Roberts' words give abortion foes reason to be wary

August 09, 2005|By Stephen G. Peroutka

`ROE VS. WADE is the settled law of the land. ... There's nothing in my personal views that would prevent me from fully and faithfully applying that precedent."

Thus spoke Judge John G. Roberts Jr. at his confirmation hearing before the Senate Judiciary Committee in 2003. Many abortion opponents will be asked to forget that statement in the coming months. We'll be told that those words are overshadowed by his actions. It was barely 12 hours after President Bush nominated Judge Roberts for the Supreme Court seat held by retiring Justice Sandra Day O'Connor, and I was already feeling lonely.

Many pro-life and religious leaders are ignoring Judge Roberts' 2003 statement. We are being told that Judge Roberts is pro-life and a strict constructionist and that he has co-written briefs arguing the pro-life cause. But it's tough for me to forget those words.

In the next few months, people will tell you that such pledges must be made by any prospective federal court jurist. We'll be told, "He doesn't really mean that. He just has to say that to be confirmed." I wonder if such a confirmation process is worthy of our government or produces a worthy nominee who acquiesces to it? Must our judicial nominees answer questions with a "wink and nod"? I hope not.

Other pro-life and religious leaders will urge us to ignore the "wink and nod" nuance of the judge's statement, arguing that it is, indeed, legitimate - that it's a valid pro-life statement within its four corners. Some may argue that it's our duty to uphold any law that's written - that it is right and proper to say that although we do not agree with a particular law, it is our duty to carry out that law, no matter how unjust.

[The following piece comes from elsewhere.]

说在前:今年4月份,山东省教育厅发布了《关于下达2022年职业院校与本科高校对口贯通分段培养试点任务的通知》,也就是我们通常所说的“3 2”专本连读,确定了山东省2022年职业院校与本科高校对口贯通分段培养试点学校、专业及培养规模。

If we believe this, then we owe a great apology to the defendants at Nuremberg. In the years after World War II, we declared that men can't hide behind unjust laws. We declared that the laws of nature and nature's God take precedence over unjust decrees, even when those decrees are wrapped in the guise of law. After Nuremberg, this nation and other nations have repeatedly seconded the motion that right and wrong come to us from God and not from the order of a despot or the whim of a majority.

And so again I ponder Judge Roberts' words. I cannot act like he never said it. I can't nuance it away or explain it away as proper reaction to an unjust law.

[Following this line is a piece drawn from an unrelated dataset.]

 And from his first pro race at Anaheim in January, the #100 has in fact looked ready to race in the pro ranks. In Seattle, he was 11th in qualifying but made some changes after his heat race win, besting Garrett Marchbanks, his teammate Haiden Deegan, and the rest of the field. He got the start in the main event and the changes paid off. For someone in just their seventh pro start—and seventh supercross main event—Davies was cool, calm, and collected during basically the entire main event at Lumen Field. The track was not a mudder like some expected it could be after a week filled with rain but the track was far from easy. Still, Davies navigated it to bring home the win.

In the next few months, it's going to get lonely for some pro-lifers. Every bone in my body wants to join the wave that I think is coming. That wave will express great satisfaction with President Bush and his nominee.

We will be told that NARAL hates him, so shouldn't we love him? Maybe I will come to love him. Maybe I will come to believe that Judge Roberts is the first step in bringing this country back to a respect for life. Perhaps Judge Roberts will be the liberator of the doomed unborn whose numbers still exceed 1 million per year in the United States alone. Perhaps you'll see me on that bandwagon. But not right now.

The NARALs, the NOWs, the Edward M. Kennedys and the Charles E. Schumers of the world, who all believe that Judge Roberts is more pro-life than Mother Theresa and Pope John Paul II combined, can be relied on for one thing: By the end of their questioning, Judge Roberts will reveal himself as either a bona fide pro-life strict constructionist or as just another in a long line of Republican-nominated supporters of the culture of death.

I pray that the judge's words in the coming confirmation hearings will help me come to trust him with the fates of all those unborn children. The ball is in your court, Judge Roberts. Please convince me.

Stephen G. Peroutka is chairman of the National Pro-Life Action Center (NPLAC) and a Maryland attorney.

Columnist Trudy Rubin is on vacation.